Love and the Zuellig Building
I’ve always had a thing for the Zuellig Building and it is not because of the fact that with just one glance, you can easily admit that it is more than just an architectural marvel, it is a work of art. They way it plays with light, and space, and form, and air, is given. I read a lot and I am confident that the Zuellig Building is at par with what the rest of the world could offer.
But inasmuch as some people would say that this building at the corner of Paseo de Roxas and Makati Avenue in Makati Central Business District gives them the creeps as it feels like “a ghost of a building,” each time I take a look at its near-completed facade gives me that pang in my heart of a love that I once had and inevitably lost.
I once wanted to become an architect, but one of my godfather who was also an architect in Davao scarred the fragile mind of a young idealistic boy during his early “when-I-grow-up-I-want-to-become” years.
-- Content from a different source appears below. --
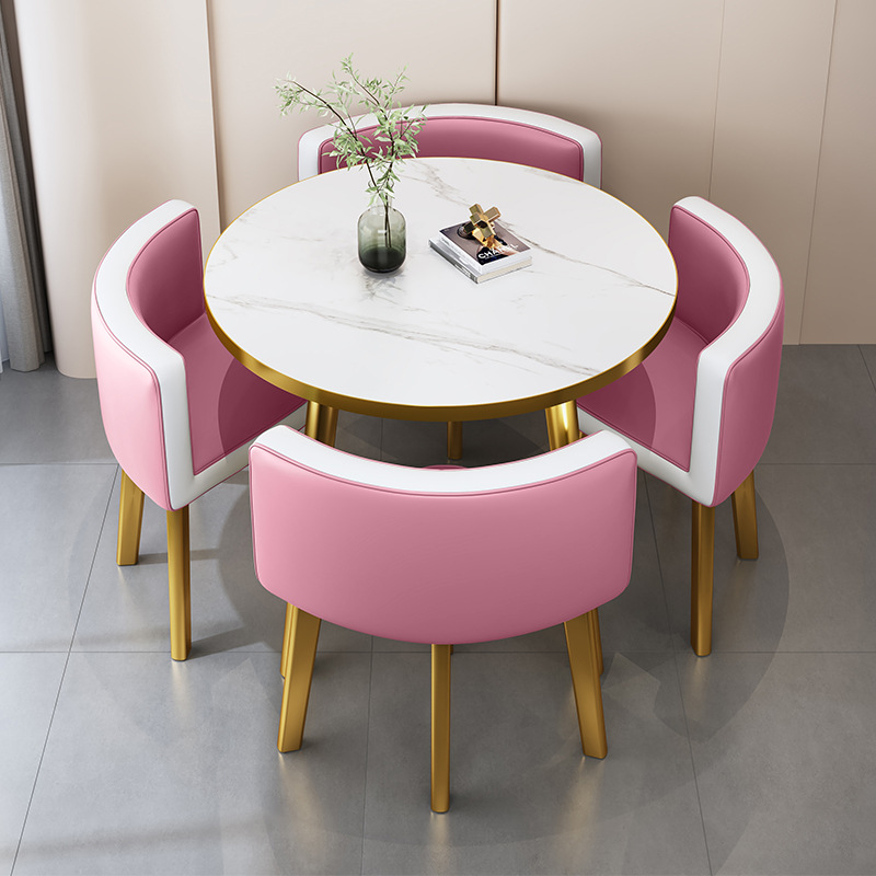 • 핑크 가죽 80CM 모조 대리석 골드 테두리 테이블과 의자 4개
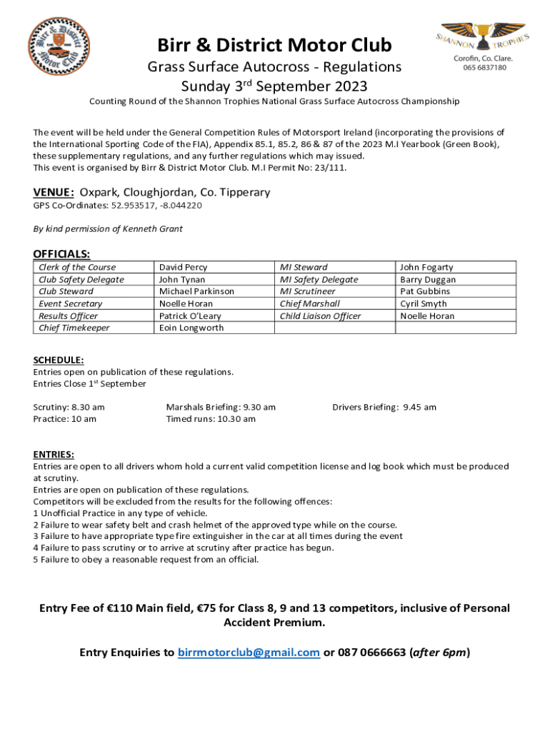 Bird & District Motor Club Grass Surface Autocross Regulations Sunday 3rd September 2023 Counting Round of the Shannon Trophies National Grass Surface Autocross Championship The event will be held

To put it bluntly, he told me not to become an architect simply because “there’s no money here.” And so I set my eyes to other things in life, something less romantic, something less expressive. My godfather, that godfather, with his one-liner about what is a lucrative career path in life, changed me more than what he might possibly realize.
And maybe this is why when I watch ’500 Days of Summer’ or ‘How I Met Your Mother,’ I feel some sort of connection to the characters, because even if I have now fully embraced the world of marketing and business, I am still in awe with magnificent-looking buildings and structures. I am never gonna be ashamed to look up at structures and take pictures. Some people would go ‘wow’ over pristine beaches which I have seen a lot as a kid. You go wild over white sand. I go crazy over man-made structures.
I know the impact of Zuellig Pharma on the Philippines. Just a quick scan of the Philippine Pharmacopoeia or Business World would make one see that clearly. But although my love for architecture is still with me to this very day, the Zuellig Building is more importantly a constant reminder for me about a girl that has a special place in my heart.
I only really dated one girl in my life. I first met her at Starbucks last 2006. We were on, and off, and on, and off, and inasmuch as she saw me at my best, she also saw me at my worst. She was an architect, and to this very moment, I can still vividly recall the things we did and the things we did not do. I am still reminded of the movies we saw, and the stuff we talked about.
One of our constant topics, as expected, was work. Last 2008, she being an architect and as I was trying to put up the Shinagawa Lasik & Aesthetics Center in Makati, we began to talk about the Zuellig Building and how we envisioned it to be. I particularly wanted the 1,000 sqm clinic project I handled at that time to be in Zuellig Building, but as time was of the essence, I could not wait, and we ended up putting it up in The Enterprise Center.
Princess, the last time we got to talk, I was at my worst. And it is one of the reasons I could not be anything more. I know you’re with someone now the last time I checked, and within months away from what could be another major milestone in my life, I have to say it is easier for me to make such decisions, because I know I really have nothing left to lose.
But time passes quickly and I know for a fact that in one way or another, you would Google the words ‘Zuellig Building,’ and this is just me reaching out in one way or another. It is not that I am not vouching for your happiness. But let’s just say I hope you now know that I’m not perfect, and that I’m still here.